“Tio Finn, você e a Tess se divorciaram há muito tempo, não foi?”
Abel finalmente ficou sério, embora um leve sorriso ainda brincasse em seus lábios. Havia um fio cortante em seu tom, como se ele quisesse provocar. “E, se não me engano, conheci a Tess antes mesmo de você.”
Ele inclinou a cabeça, fingindo inocência. No entanto, cada palavra foi pensada para atingir Finn bem no peito.
Assim que as palavras caíram, o carro mergulhou em um silêncio pesado. O ar parecia congelado, como se até respirar estivesse fora de lugar.
Abel não se importou nem um pouco. Deu de ombros e sorriu, como se nada tivesse acontecido.
Quem reagiu com mais força entre os três foi Zane.
Os olhos dele iam e vinham nervosos entre os dois. O suor escorreu por sua testa, mas ele não ousou levantar a mão para limpá-lo.
Abel sustentou o olhar de Finn.
Os olhares se chocaram no ar: um indomável, o outro frio e afiado.
Abel nem conseguia explicar o que sentia naquele momento. Só sabia que, no fundo, queria se colocar contra seu tio.
Quando era pequeno, ouviu histórias sobre o poder e o sucesso de Finn em Aetheris. Naquela época, admirava o tio que nunca tinha conhecido.
Mas assim que soube que Finn era o ex-marido de Tess, todo aquele respeito desmoronou.
Ele a procurou por anos, apenas para descobrir que ela esteve com Finn.
Se o seu tio tivesse tratado bem dela, talvez Abel conseguisse deixar isso pra lá.
Mas depois de alguns anos afastados, a garota alegre e gentil que ele lembrava tinha se tornado fria e apática. Para Abel, tudo isso foi culpa de Finn e de gente como ele.
Sem perceber, se colocou no lado oposto.
E, embora Finn e Tess estivessem divorciados, estava claro que ele ainda sentia algo por ela.
De certa forma, eles eram rivais no amor.
“Sua mãe está te ligando. Atenda.”
Finn não era do tipo que perdia tempo.
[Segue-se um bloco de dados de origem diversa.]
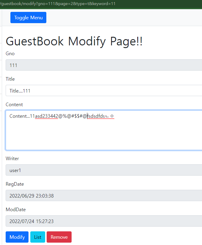 이 가운데 수정은 수정을 완료하고 다시 조회 페이지로 돌아오는 편이 좋다.

Naquele breve silêncio, ele já tinha mandado mensagens e arranjado alguém da família de Abel para ligar.
O rosto de Abel ficou sério.
“Jogando sujo, tio.”
Os olhos dele ardiam de raiva enquanto encarava Finn.
Mas Finn apenas arqueou uma sobrancelha, ignorando a fúria de Abel. Ele ainda balançou o celular como provocação.
“Quando vai voltar pra casa? Até quando vai ficar por aí brincando?”
A voz afiada de uma mulher elegante explodiu no viva-voz no instante em que a ligação foi atendida.
Abel esfregou a testa, já pressentindo a dor de cabeça que vinha.